YOUR OBJECTIVE: Please transcribe, exactly and only, the lines of the records below from the one holding "VALEO ΔΙΣΚΟΦΡΕΝΑ VALEO" to the very end.
BEGIN ENTRIES SHOWN
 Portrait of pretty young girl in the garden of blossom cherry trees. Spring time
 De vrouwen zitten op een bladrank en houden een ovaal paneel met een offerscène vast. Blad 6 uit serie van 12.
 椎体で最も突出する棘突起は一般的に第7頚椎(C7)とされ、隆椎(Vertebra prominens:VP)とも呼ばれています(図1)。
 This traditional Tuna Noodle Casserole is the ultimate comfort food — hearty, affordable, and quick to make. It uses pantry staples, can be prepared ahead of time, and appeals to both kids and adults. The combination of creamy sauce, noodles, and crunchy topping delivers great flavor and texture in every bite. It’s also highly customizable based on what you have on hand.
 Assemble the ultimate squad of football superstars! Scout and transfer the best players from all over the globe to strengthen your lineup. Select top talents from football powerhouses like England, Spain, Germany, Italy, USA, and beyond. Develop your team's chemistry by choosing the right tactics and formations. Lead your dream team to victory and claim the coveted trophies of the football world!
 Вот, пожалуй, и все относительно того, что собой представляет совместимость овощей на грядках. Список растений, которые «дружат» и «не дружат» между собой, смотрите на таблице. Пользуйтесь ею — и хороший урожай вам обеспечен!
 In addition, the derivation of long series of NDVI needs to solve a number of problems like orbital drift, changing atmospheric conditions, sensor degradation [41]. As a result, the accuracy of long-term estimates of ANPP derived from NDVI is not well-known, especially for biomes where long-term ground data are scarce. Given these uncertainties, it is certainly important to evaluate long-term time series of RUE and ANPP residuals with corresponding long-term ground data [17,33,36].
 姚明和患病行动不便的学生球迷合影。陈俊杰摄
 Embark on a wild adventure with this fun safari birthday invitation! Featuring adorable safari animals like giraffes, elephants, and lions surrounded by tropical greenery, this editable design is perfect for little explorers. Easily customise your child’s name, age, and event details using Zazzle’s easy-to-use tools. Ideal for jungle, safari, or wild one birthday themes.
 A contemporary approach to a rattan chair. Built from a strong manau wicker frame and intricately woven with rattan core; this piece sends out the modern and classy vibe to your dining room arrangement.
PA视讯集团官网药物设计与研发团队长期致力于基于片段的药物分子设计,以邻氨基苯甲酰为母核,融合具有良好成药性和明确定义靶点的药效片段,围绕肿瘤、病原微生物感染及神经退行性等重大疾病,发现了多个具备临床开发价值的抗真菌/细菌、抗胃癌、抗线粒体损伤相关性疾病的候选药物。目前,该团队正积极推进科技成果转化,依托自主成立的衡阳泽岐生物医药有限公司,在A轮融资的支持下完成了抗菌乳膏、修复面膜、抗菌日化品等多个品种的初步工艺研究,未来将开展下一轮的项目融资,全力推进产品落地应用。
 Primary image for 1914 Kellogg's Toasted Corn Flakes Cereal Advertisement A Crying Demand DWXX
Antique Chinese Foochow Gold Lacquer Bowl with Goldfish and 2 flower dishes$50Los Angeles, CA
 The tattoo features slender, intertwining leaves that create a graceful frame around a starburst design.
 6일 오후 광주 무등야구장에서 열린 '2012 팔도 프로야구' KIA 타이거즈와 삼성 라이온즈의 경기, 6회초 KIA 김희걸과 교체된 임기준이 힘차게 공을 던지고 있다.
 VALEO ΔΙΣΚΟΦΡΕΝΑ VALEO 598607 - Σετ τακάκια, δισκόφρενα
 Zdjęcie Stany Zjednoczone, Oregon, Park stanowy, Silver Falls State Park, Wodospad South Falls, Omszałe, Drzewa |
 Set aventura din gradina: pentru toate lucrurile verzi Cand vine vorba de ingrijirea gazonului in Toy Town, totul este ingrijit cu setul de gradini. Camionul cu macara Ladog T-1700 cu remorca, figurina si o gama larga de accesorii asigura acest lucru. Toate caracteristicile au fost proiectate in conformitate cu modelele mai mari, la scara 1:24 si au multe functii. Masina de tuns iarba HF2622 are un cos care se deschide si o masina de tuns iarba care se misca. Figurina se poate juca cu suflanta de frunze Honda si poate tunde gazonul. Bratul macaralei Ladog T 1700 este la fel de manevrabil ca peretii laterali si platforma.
END ENTRIES SHOWN
EXERCISE SOLUTION:
 VALEO ΔΙΣΚΟΦΡΕΝΑ VALEO 598607 - Σετ τακάκια, δισκόφρενα
 Zdjęcie Stany Zjednoczone, Oregon, Park stanowy, Silver Falls State Park, Wodospad South Falls, Omszałe, Drzewa |
 Set aventura din gradina: pentru toate lucrurile verzi Cand vine vorba de ingrijirea gazonului in Toy Town, totul este ingrijit cu setul de gradini. Camionul cu macara Ladog T-1700 cu remorca, figurina si o gama larga de accesorii asigura acest lucru. Toate caracteristicile au fost proiectate in conformitate cu modelele mai mari, la scara 1:24 si au multe functii. Masina de tuns iarba HF2622 are un cos care se deschide si o masina de tuns iarba care se misca. Figurina se poate juca cu suflanta de frunze Honda si poate tunde gazonul. Bratul macaralei Ladog T 1700 este la fel de manevrabil ca peretii laterali si platforma.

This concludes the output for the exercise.